Background Malignant gliomas (MG) comprise the most common types of primary central nervous system tumours.

Purpose An observational study to evaluate the efficacy and safety of bevacizumab plus irinotecan used off-label in recurrent malignant gliomas.

Materials and Methods Pharmacy records were reviewed to identify patients with histologically proven MG who had been treated with bevacizumab plus irinotecan as second- or third-line chemotherapy. Eligible patients: radiological evidence of tumour recurrence or progression prior to initiation of chemotherapy and STUPP regimen as first line. Patients were treated with IV bevacizumab (10 mg/kg) on days 1, 15 and 29 every 6 weeks and IV irinotecan (340 mg/m² if concomitant enzyme-inducing antiepileptic drugs (EIAEDs) or 125 mg/m2 if no EIAEDs) on days 1, 15 and 29 every 6 weeks. Treatment was continued until disease progression or unacceptable toxicity. Tumours were evaluated by brain MRIs. Response to treatment was assessed at baseline and every 3 cycles or whenever progression was clinically suspected. The Macdonald criteria were used to evaluate the response. Toxicity was assessed before each cycle by medical history, haematology and biochemistry. Adverse events were graded according to NCI-CTCAEv4. Antiepileptics were administered as medically indicated.

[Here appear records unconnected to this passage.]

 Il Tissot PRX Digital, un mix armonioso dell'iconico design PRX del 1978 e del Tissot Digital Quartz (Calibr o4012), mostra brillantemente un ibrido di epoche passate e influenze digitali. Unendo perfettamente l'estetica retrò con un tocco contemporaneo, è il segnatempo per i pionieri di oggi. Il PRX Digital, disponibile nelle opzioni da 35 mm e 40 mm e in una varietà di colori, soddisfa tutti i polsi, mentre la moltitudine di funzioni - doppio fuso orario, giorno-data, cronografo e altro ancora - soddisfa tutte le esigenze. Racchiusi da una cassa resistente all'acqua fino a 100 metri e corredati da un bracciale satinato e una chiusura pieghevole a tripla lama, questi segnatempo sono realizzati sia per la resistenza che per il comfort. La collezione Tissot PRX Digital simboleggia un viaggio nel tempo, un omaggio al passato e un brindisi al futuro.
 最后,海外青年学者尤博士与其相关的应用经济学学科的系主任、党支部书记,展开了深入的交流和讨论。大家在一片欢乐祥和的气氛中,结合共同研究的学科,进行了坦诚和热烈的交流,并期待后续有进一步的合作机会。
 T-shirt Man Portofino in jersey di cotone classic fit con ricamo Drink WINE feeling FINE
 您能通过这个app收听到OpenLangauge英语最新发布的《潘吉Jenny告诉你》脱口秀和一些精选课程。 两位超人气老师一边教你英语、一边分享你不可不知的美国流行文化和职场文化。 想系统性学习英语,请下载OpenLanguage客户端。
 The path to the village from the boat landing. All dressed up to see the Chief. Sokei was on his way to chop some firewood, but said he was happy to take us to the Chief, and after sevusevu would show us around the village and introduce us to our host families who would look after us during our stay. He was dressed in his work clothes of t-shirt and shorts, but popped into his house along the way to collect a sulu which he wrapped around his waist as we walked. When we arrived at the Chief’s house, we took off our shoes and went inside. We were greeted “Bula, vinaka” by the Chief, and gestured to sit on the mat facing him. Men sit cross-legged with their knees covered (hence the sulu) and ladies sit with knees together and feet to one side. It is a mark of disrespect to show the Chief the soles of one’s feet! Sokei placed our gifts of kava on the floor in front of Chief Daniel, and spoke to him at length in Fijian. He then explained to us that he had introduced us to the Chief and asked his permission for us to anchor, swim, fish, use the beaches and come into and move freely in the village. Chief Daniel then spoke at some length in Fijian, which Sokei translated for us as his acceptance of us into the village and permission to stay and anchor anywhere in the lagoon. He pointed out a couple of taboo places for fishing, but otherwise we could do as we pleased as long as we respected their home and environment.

Results Seven patients (5 men, 2 women) were evaluated. Mean age was 52.4 years and glioblastoma multiforme (GBM) was the major histotype (71%). 71.4% of patients had had a total resection as primary surgery and 14.3% of patients had undergone second surgery at disease recurrence. The median number of cycles administered was 4. Overall activity comprised 3 partial responses (42.86%); and 1 (14.28%) disease stabilisation for a Disease Control Rate of 57.14%. Three patients (42.86%) experienced disease progression. The median progression-free survival was 8.2 months (95% confidence interval (CI): 5.4–10.9) and the median overall survival was 11.8 months (95% CI: 6.1–17.5). No central nervous system haemorrhages occurred, but one patient developed deep venous thromboses.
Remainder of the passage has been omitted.